March 19 - Curiosity and Concern

Do you ever wonder what houseguests who don’t know you are TS think when they notice that the majority of your cups, mugs, and glasses have lipstick stains? Heh! Just curious. I have a few friends who don’t know yet… not that I’m telling anyone or broadcasting it. But I wonder sometimes when people use my bathroom and they notice not only the bottle of nail-polish remover, but also the face moisturizer and cosmetic remover cream. I wonder sometimes. Oh well… I guess that’s payback for all the times when I was a kid that I was tempted so much to go through people’s cabinets to see what kind of lipstick they had.

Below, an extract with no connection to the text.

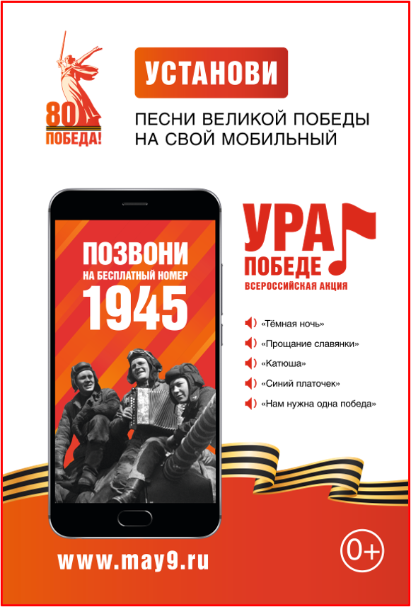 - установить на телефон в качестве мелодии звонка легендарные песни военных лет: «Нам нужна одна Победа», «Темная ночь», «Катюша», «Прощание славянки», «Синий платочек»;

Well, today I signed up for a real, honest to goodness electrolysis person. She gave me a consultation and let me try a bit of really effective lip numbing cream. We talked about some of my goals. I wonder sometimes what it must be like to be in a field dominated by women for women (such as the beauty parlor where I was today), and to see someone say “please rid me of this beard”… I wonder that they think about. I look in the mirror and see a $12,000 price tag.

My last electrolysis person from ’92 was very nice and sweet. I used to show up at her office all nice and cute… fully dressed. I never knew if I really fooled anyone or not. Oh well. So… today… I am laying on my back bracing myself for that shock in the mustache that I remember so very vividly from 7 years ago… and I felt a slight prick. About 2 minutes later she asked me how I was doing… and I make the comment that I was waiting for her to start… and you know what… she already did a few… amazing! Thank goodness for medical advances. There was not a readily available numb cream when I did this the last time around.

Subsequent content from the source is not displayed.